EX-10.13 20 tm2231404d1_ex10-13.htm EXHIBIT 10.13

 

Exhibit 10.13

 

FIRST AMENDMENT TO

TEMPO AUTOMATION, INC. 

AMENDED AND RESTATED 2015 EQUITY INCENTIVE PLAN

 

THIS FIRST AMENDMENT (this “Amendment”) to the Tempo Automation, Inc. Amended and Restated 2015 Equity Incentive Plan is made and adopted by the Board of Directors (the Board”) of Tempo Automation, Inc., a Delaware corporation (the “Company”), effective as of September 29, 2022 (the “Effective Date”). All capitalized terms used but not otherwise defined herein shall have the respective meanings ascribed to such terms in the Plan (as defined below).

 

RECITALS

 

WHEREAS, the Company maintains the Tempo Automation, Inc.
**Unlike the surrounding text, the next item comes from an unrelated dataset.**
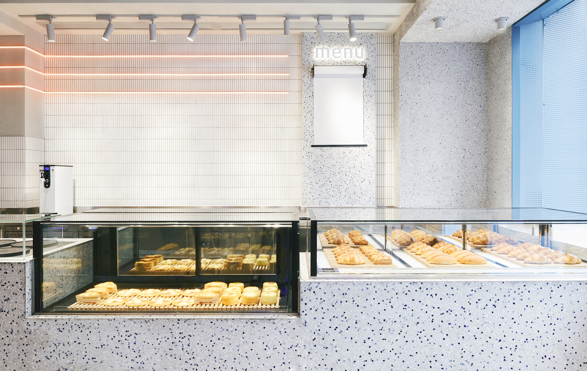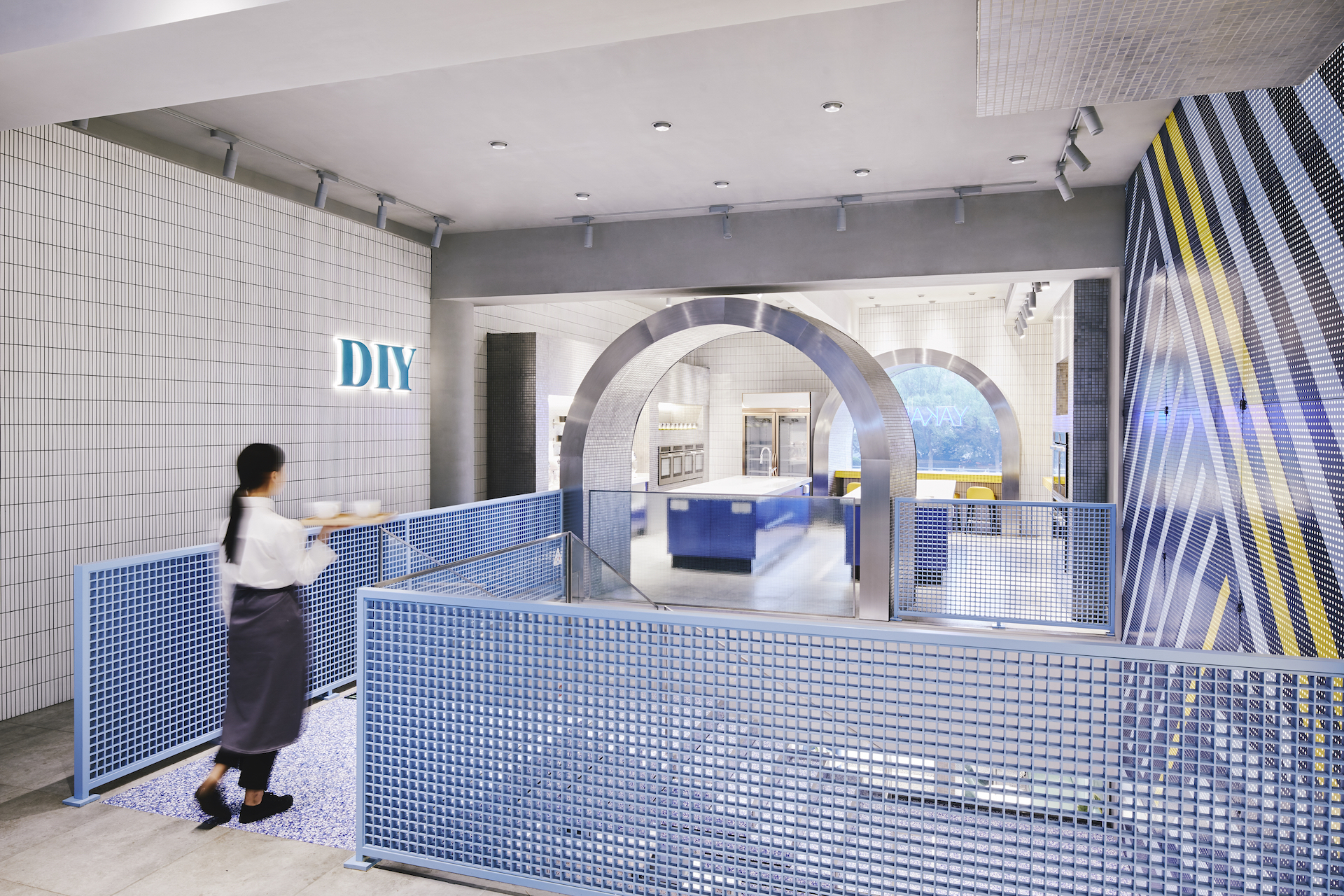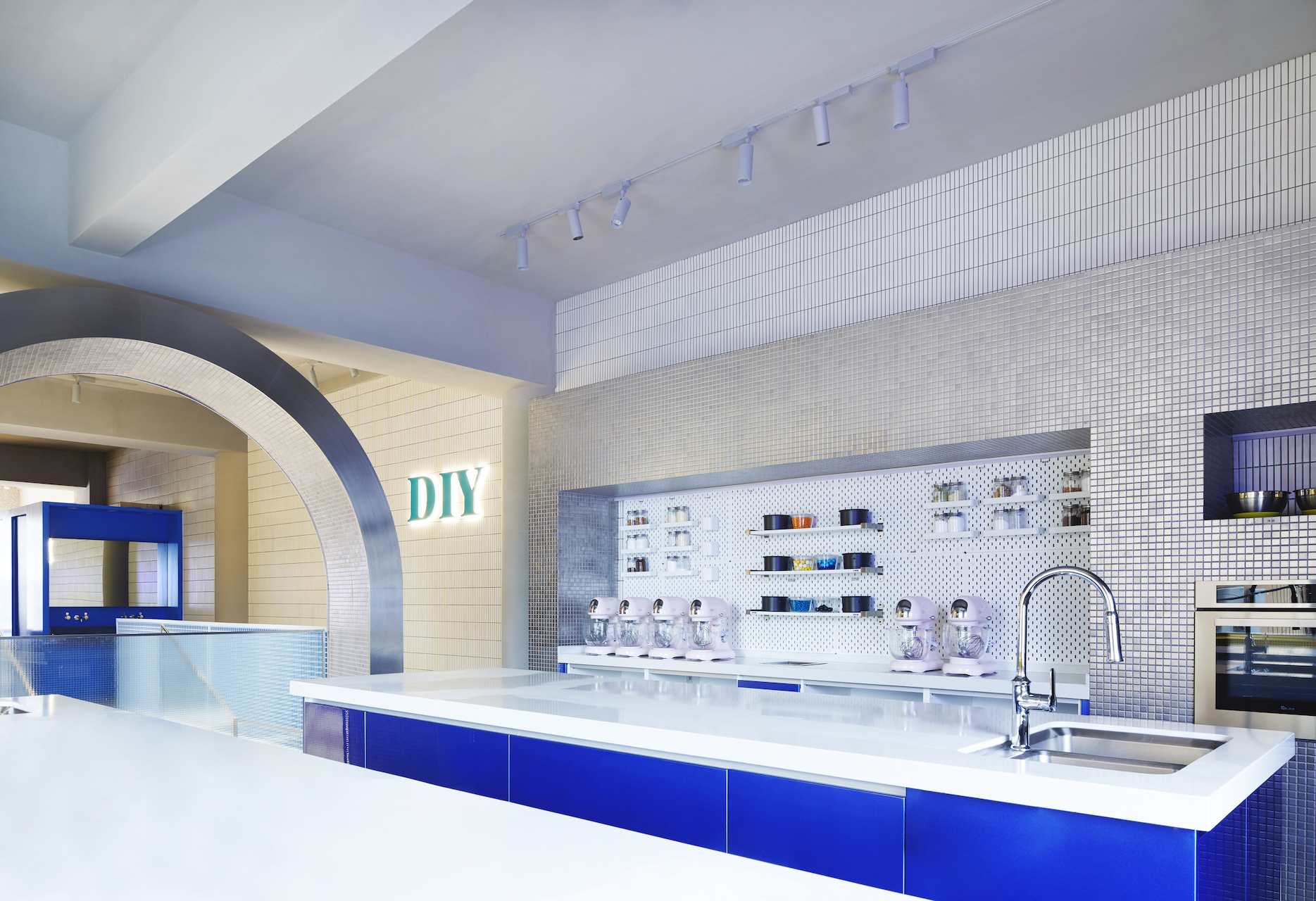 Ένας ψηλός τοίχος από διάτρητη λαμαρίνα με εσωτερικό φωτισμό και έντονα βαμμένα γραφικά οδηγεί την οπτική των επισκεπτών προς τον δεύτερο όροφο, όπου πραγματοποιούνται διάφορα εργαστήρια σχετικά με την ζαχαροπλαστική. «Στον δεύτερο όροφο, το ανοιχτό αποτύπωμα της σκάλας διαιρεί το χώρο σε δύο σημεία, στο δωμάτιο για τα DΙY σεμινάρια και σε μια αίθουσα εκδηλώσεων», όπως περιγράφει ο αρχιτέκτονας.

Amended and Restated 2015 Equity Incentive Plan (the “Plan”);

 

WHEREAS, pursuant to Section 14 of the Plan, the Board has the authority to amend the Plan from time to time, including to increase the maximum aggregate number of shares of Common Stock available for issuance thereunder, subject to approval of the Company’s stockholders within twelve (12) months thereof; and

 

WHEREAS, the Board believes it is in the best interests of the Company and its stockholders to amend the Plan as set forth herein.

 

NOW, THEREFORE, BE IT RESOLVED, that the Plan is hereby amended as follows, effective as of the Effective Date, subject to approval of this Amendment by the Company’s stockholders:

 

AMENDMENT

 

1.The first sentence of Section 3 of the Plan is hereby deleted and replaced in its entirety with the following:

 

“Subject to the provisions of Section 11 below, the maximum aggregate number of Shares that may be issued under the Plan is 27,712,681 Shares, all of which Shares may be issued under the Plan pursuant to Incentive Stock Options.”

 

2.This Amendment shall be and is hereby incorporated into and forms a part of the Plan.

 

3.Except as expressly provided herein, all terms and conditions of the Plan shall remain in full force and effect.

 

[Signature page follows]

 

 

 

*          *         *

 

I hereby certify that the foregoing Amendment was duly adopted by the Board of Directors of Tempo Automation, Inc. on ________________, 2022.

 

Executed on this _____ day of _________, 2022.

 

  By:  
    Name:  
    Title:  

 

*          *          *

 

I hereby certify that the foregoing Amendment was approved by the stockholders of Tempo Automation, Inc. on ________________, 2022.

 

Executed on this _____ day of _________, 2022.